Among interviewed participants we further restricted to (i) cases (n = 1870) and controls (n = 11,452) that were singletons; (ii) cases (n = 1831) and controls (n = 11,370) where the pregnancy was without pregestational diabetes; (iii) cases (n = 1730) and controls (n = 10,691) with energy intake ranging from 500 to 5000 kcal and missing fewer than two food frequency questionnaire items as a quality control; and (iv) cases (n = 1726) and controls (n = 10,649) where interview data had fewer than 10% missing questions. These 1726 cases and 10,649 controls served as the analytic base, with the case group phenotype further classified in some analyses as anencephaly (n = 561) or spina bifida (n = 1165). This analytic sample resembled that in the Desrosiers et al. (2018) study with the exception that here we also included pregnancies with the date of conception before April 1, 1998 as well as cases and controls that derived from the New Jersey center early in the conduct of the NBDPS. These additions to the analytic sample were considered appropriate as they derived from the larger NBDPS study and were appropriate for our research queries.

2.2 CA-NTD study data

Details of this population-based case–control study can be found elsewhere (Shaw et al., 1995). Briefly, 653 infants or fetuses with a NTD (cases) were ascertained by reviewing medical records, including ultrasonography, at all hospitals and clinics for those infants/fetuses delivered in select California counties between February 1989 and January 1991. Singleton, live born infants and fetuses with NTDs, including those prenatally diagnosed and electively terminated, were considered as cases. Controls (n = 644) were selected randomly from each area hospital in proportion to the hospital's estimated contribution to the total population of singleton infants born alive in the same time period as cases. We excluded women who only spoke languages other than English or Spanish, or who had a previous NTD-affected pregnancy, leaving 613 cases and 611 controls.

Interviews were conducted in-person with mothers of 538 (88%) cases and of 539 (88%) controls an average of 5 months from the actual or projected date of term delivery. Interviews obtained information on pregnancy and lifestyle factors including vitamin/mineral supplements women used in the period 3 months before conception and in each trimester of pregnancy. Information about average daily intake of food items was obtained by administering a well-established, 100-item semi quantitative food frequency questionnaire (Block et al., 1986). Women were asked to estimate usual frequency and portion size of food items consumed during the 3 months before conception. Of the 1077 women who completed an interviewer-administered questionnaire, 1007 completed a food frequency questionnaire, and 916 (of 454 cases and 462 controls) contained suitable data based on error checks built into the associated analytic software. We further restricted analyses to 449 case and 458 control women without pregestational diabetes. Cases were further classified as: anencephaly (n = 175) or spina bifida (n = 253) for some analyses. This is the same analytic sample as used in Shaw & Yang, 2019.

2.3 Analyses

We defined low carbohydrate diet as intake in the 5th percentile or lower among control women in each data set separately, corresponding to an estimated carbohydrate intake of approximately 95 g/day in NBDPS data and 122 g/day in CA-NTD Study data. This percentile cutoff was employed in the two previous studies that demonstrated the association between restricted carbohydrate intake and NTDs (Desrosiers et al., 2018; Shaw & Yang, 2019).

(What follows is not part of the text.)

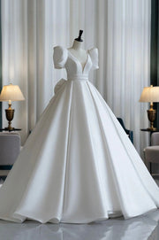 A-Line V-Neck Satin Wedding Dress White Short Sleeve Bridal Gown with Bow - US 2 / UK 8 / EU 32

Using a random forest approach, we assessed >200 variables from interview responses. Random forest, a data mining algorithm, produces a set of decision trees using random subsets of the data and combines them to produce a mean prediction model based on variable importance (Strobl et al., 2009). This method accounts for interactions and nonlinear associations among many factors simultaneously to determine their prediction of a variable of interest (i.e., low carbohydrate) (Strobl et al., 2009). Importance for each potential predictor was estimated using the “varimp” function (Party package in R software) to obtain the metric mean decrease accuracy (MDA) specifying “ntree = 2500” and “mtry = 15” as the number of trees and number of selected predictor variables per split, respectively. The MDA is essentially the decrease in accuracy of the model. So the more a permutation decreases the accuracy, the more important the variables are to the model. As an example, the MDA of irrelevant variables should vary randomly around zero since their removal does not decrease the accuracy (Strobl et al., 2009). Alternatively, variables that were “important” had an MDA that fell outside of the magnitude of the lowest negative value in either the positive or negative direction.

The >200 variables assessed in each study represented demographic (e.g., maternal age and education), behavioral (e.g., cigarette smoking and cannabis use), medical (e.g., epilepsy and diabetes), and dietary factors (e.g., supplements used and food intake) (see Appendix 1 for details) for their “prediction” of low carbohydrate intake separately in the case and control groups. This assessment in both cases and controls ensured that prediction variables in either group were identified and included in analyses. Only variables derived from interview questions that had a frequency >0.1% in the NBDPS and >1% in CA-NTD study (i.e., to allow about 10 participants answering “Yes” or reporting being exposed in each study) were considered for further analyses. Values for all time-varying variables were considered for the time-periods 1 month before through 2 (NBDPS) months after conception or 3 (CA-NTD Study) months before and after conception to capture the etiologically relevant window for neural tube development.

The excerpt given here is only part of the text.